1981’de yapılan seçimlerde 1976-1981 arasında Yürütülen ve zengini daha da zengin eden partizanca uygulamalar toplumun büyük bir kısmını bezdirmiş olacak ki 40 sandalyeli Mecliste 21 sandalyenin muhalefete geçmesine neden olmuştur. Cumhurbaşkanlığı seçimlerinde ise daha sandıktaki sayımlar bitmeden Elçilik müdahalesi ile %51 ile Denktaş’ın Ziya Rızkı’ya karşı kazandığı ilan edilmiştir.
21’i bulan muhalefet KTÖS balkonunda Hükumet ilanı yapmasına karşılık Denktaş Hükumeti kurma görevini UBP’ye vermiştir. UBP’nin kurduğu azınlık hükumeti güvensizlik önergesi ile düşürülmüş ama müdahalelerle 21’lik Hükumet kurulamamıştır.
Önce Konuk ve Kotak caymış sonra da TKP üç fire vermiş ve arkasından UBP+Bu beşli sayıyı tamamlayarak yeni bir Hükümet kurulmuştur.
Bu yeni Hükumetin ilk hedefi sandıktan güçlü çıkan TKP’yi parçalamak ve yasayı değiştirerek bundan sonraki seçimlerde Zita Rızkı’nın adaylığını engellemek olmuştur. Her iki konuda da başarılı olmuştur. Artık bundan sonraki seçimlerde TKP hep küçülmüş büyüme hızı CTP’ye evrilmiştir.
1985 seçimlerinde yine UBP vardır ama tek başına çoğunluk sağlayamadığından küçülen TKP ile hükümet kurmuştur.Kurulan bu Hükumet Özal’ın Kıbrıs’a gelip ‘’Artık üretmden vazgeçin biz size bakarız’’önerisine kadar sürmüş,reddeden TKP Hükümetten çekilmiş kabul eden UBP toluna devam etmiştir.1993’e kadar gerek azınlık hükümetleri gerekse 1990’da antidemokratik seçim yasası ile Hükümete gelen UBP bölünerek 1993 seçimlerine girmiş ve Hükümeti DP-CTP ortaklığına bırakmıştır.

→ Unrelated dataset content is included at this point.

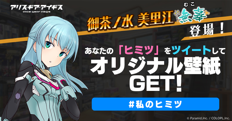 本キャンペーンでは、対象ツイートのハッシュタグボタン「#私のヒミツ」からツイートを投稿すると、「御茶ノ水 美里江【無辜】」のオリジナル壁紙を獲得できます。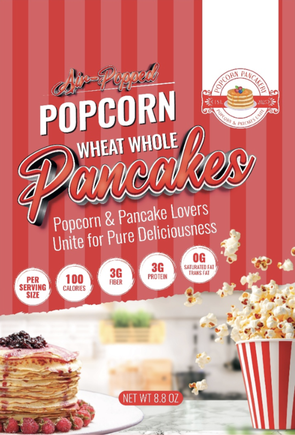 Transforming air-popped popcorn into usable flour wasn’t just a quirky idea—it was a real challenge. The process was messy, the results inconsistent, and the texture tricky. But Derwin was obsessed with perfecting it. Batch after batch, tweak after tweak, he kept pushing until the popcorn flour was just right—light, nutritious, and rich with flavor. And when the first pancake flipped with that perfect pop and fluff, He couldn’t wait to share it with the world.

Bu seçimler sonrası yaşadıklarımız da UBP yönetiminden farklı olmamış hep paketler yolu ile Kıbrıs’ın Türkiye’ye yönetimsel bağlantısını artımıştır.Tek değişiklik bu dönemde DP ve CTP’nin Devlette kadrolarının oluşturulması olmuştur.

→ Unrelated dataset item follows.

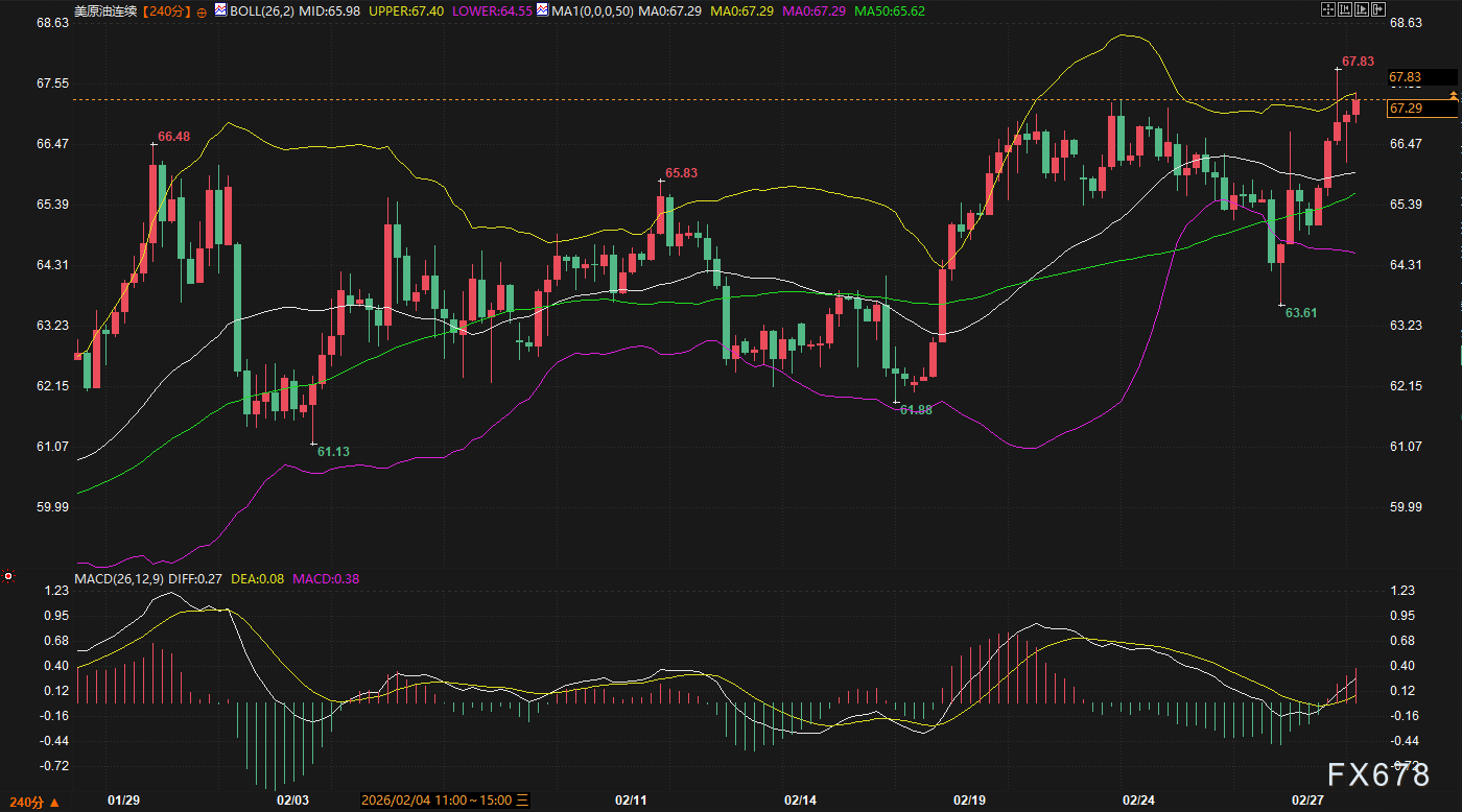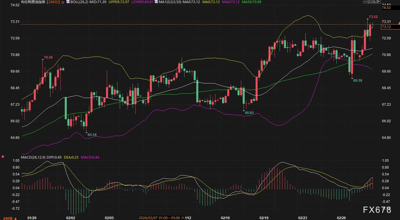 一、 事件进展:从边境摩擦到“中枢打击”的定点升级 此次局势的恶化并非传统的代理人冲突,而是直接针对主权国家核心领导层的中枢打击。以下是截至周日上午的最新进展逻辑梳理: 1. 核心人物陨落与信息迷雾 根据权威媒体及多方消息来源确认,伊朗最高领袖哈梅内伊在美以联合行动中身亡。尽管伊朗官方曾试图通过“心理战”说辞进行安抚,但随着以色列国防军公布相关高级官员及哈梅内伊亲属被清除的照片,信息的真实性正不断被盘面预期的确定性所取代。 2. 继任者悬念与强硬派掌权预期 知名机构的最新评估指出,即使哈梅内伊丧生,伊朗政权并不会立即崩溃,反而可能由伊斯兰革命卫队(IRGC)的强硬派人物接管。潜在继任者如穆杰塔巴·哈梅内伊与革命卫队关系密切,这预示着伊朗未来的对外政策将更具对抗性。 3. “能源咽喉”的实质性瘫痪 目前最令市场战栗的信号是霍尔木兹海峡的状态。尽管英国海事部门称海峡仍开放,但实测数据显示周边油轮航速已普遍降至零。大量油轮停航避险,意味着全球约20%的石油供应通道已陷入实质性瘫痪。这一事实而非声明,将成为周一油价跳空高开的直接诱因。 二、 盘面分析:技术面与基本面的深度共振 exness官网:当前市场正处于“极度风险厌恶”状态。我们需要结合周五的K线数据与周末的突发基本面,对各主要品种进行逻辑衔接。 1. 能源市场:布油、美油的“战时溢价” 技术面背景: 布伦特原油(参考合约:连续):周五报收73.12美元,已突破布林带上轨(72.97)。MACD多头动能延续,MA50(70.99)提供强支撑。 WTI原油(参考合约:连续):报收67.29美元,MACD金叉明确。

Annan planı toplumsal bir çıkış noktası idi Türkiye bu planı Rum tarafının Hayır diyeceğini bile bile AB’den doğrudan görüşme tarihi almak için desteklemiştir.
Bu dönemde Hükümeti ve Cumhurbaşkanlığını eline geçiren CTP da Türkiye’nin isteklerini yaparak halkın gözünde küçülmüş yapılan ilk seçimlerde ve hem hükümeti hem de Cumhurbaşkanlığını UBP’ye teslim etmiştir.
Bütün bu dönemlerde çıkartılan tüm yasalar oluşturulan tüm sermaye ve en önemlisi Bize ait yer üstü ve yer altı kaynaklarımız hep Türkiye’ye veya onun işaret ettiklerine verilerek toplum BESLEME haline getirilmiştir.
Başlarda açık seçik müdahaleler yapılırken artık direk müdahaleler yapılarak KKTC’de artık yöneten değil yönetilenler Hükümet ve Cumhurbaşkanı olabilmektedir.
Yani adanın kuzeyi adı konmayan bir ilhak durumundadır. Üstelik bu egemenliklerini ağlayacak yeteri oya da sahiptirler.
Hala daha her yıl ortalama (en az)2500 yeni vatandaş yapıldığı düşünülürse 47 yıl içinde ilk gelen nüfus ile artık sandığın egemenliğinin artık Türkiye tarafından yönetilen ve hemen hemen hepsinin çift vatandaş olan bu kesimin oyuna bağlı olduğu aşikârdır.
Sonuç olarak Adanın Güneyinde Anavatanı ile iki ayrı dost bağımsız devlet ilişkisi oluşurken adanın Güneyinde Türkiye’ye bağımlı bırakın ana yavru ilişkisini Egemenliğinin seçim yolu da dâhil her alanda belirgin olduğu iradesi olmayan bir besleme toplum oluşmuştur.Hiç bir tanınmışlığı olmayan tutsak bir toplum.
Üzücü tarafı da hala daha bu sorunu çözecek iradenin oluşmasının mümkün olmadığıdır.